Exercise directions: Everything from the line holding "Un momento del" through the final line of the entries below is to be written out exactly, and nothing more; leave out pictures.
[[ Dataset records open ]]
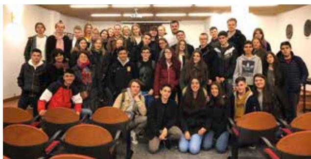
Akademi Båstad Gymnasium- IES Julio Verne, abril 2018
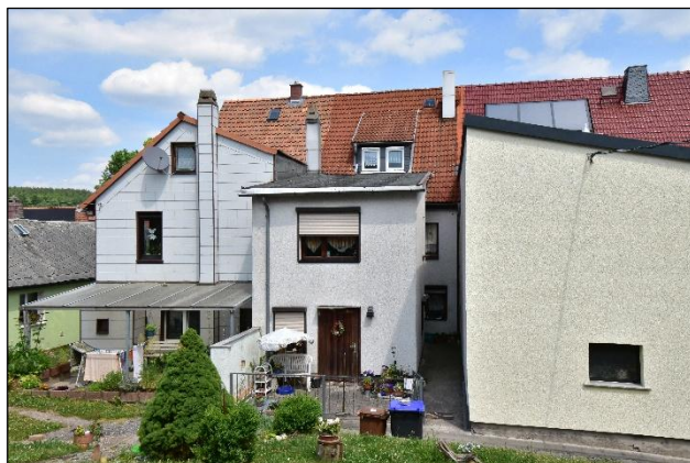
Gebäudehinterseite mit Anbau und Durchgang zum Eingang (Bildmitte), Blick nach Norden
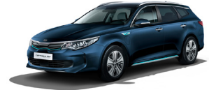
Gravity Blue [B4U] metallic
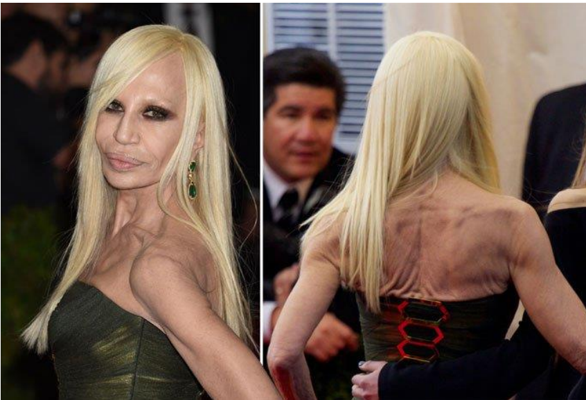
Донателла Версаче (італ. Donatella Versace; 2 травня 1955)
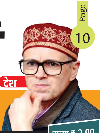
मूल्य ₹ 2.00

• औरंगाबाद • बुधवार • 05 फरवरी 2025 • वर्ष 27 • अंक 57 • पृष्ठ 12
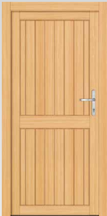
Typ 22.3900 H Basic

inklusive Drückergarnitur und Profilzylinder
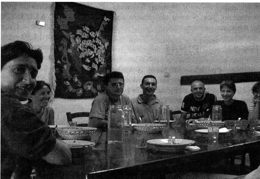
Un momento del pasto vissuto in unità e amicizia tra ospiti e membri della comunità
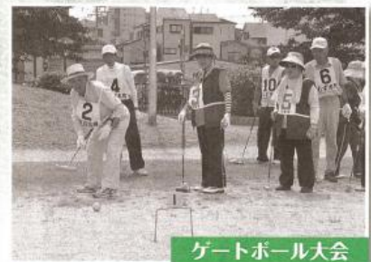
ゲートボール大会
[[ Dataset records closed ]]
Result for this exercise:
Un momento del pasto vissuto in unità e amicizia tra ospiti e membri della comunità
ゲートボール大会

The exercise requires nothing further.